Regular consumption of soy can help women keep their heart healthy, a latest research out on Wednesday revealed.
The study reported in Menopause mainly concentrated on soy consumption before or after menopause (when the menstrual period stops) and atherosclerosis- an accumulation of fatty deposits in artery walls that narrows and damages its elasticity and affects the blood flow.
Losing the elasticity of arteries can increase the risk of many deadly diseases, including blood clots, strokes, heart failure, high blood pressure and renal failure.

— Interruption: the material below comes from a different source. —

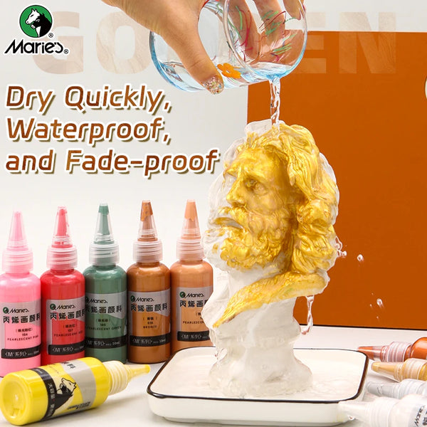 AOOKMIYA 5pcs Marie's Metallic Acrylic Paint Set, Rich Colorful Pearlescent Pigments for Gloss Shimmer Craft, DIY, Rock Design

Researchers at the Wake Forest School of Medicine in US said that eating soy throughout life gives the best results and switching to a western diet after menopause may neutralise the previous soy effects by producing the same amount of fatty deposits in the arteries as a lifelong western diet. However, replacing a western diet with a soy diet after menopause yields some results, only if the amount of fatty deposits is less.
The results are based on the experiments conducted on cynomolgus monkeys (crab-eating macaque) that underwent surgical menopause, a procedure where either ovaries or the uterus are removed to stop monthly periods.
Pre-menopause, the animals received either an animal-based protein diet (37 monkeys) or a high isoflavone soybean diet (34 monkeys). After menopause, the animals were divided into four groups according to the type of diet they followed- some continued with the soy diet (17), the second one replaced animal protein with soy (17), third group continued with animal protein (20) and fourth group switched from soy to animal protein (17).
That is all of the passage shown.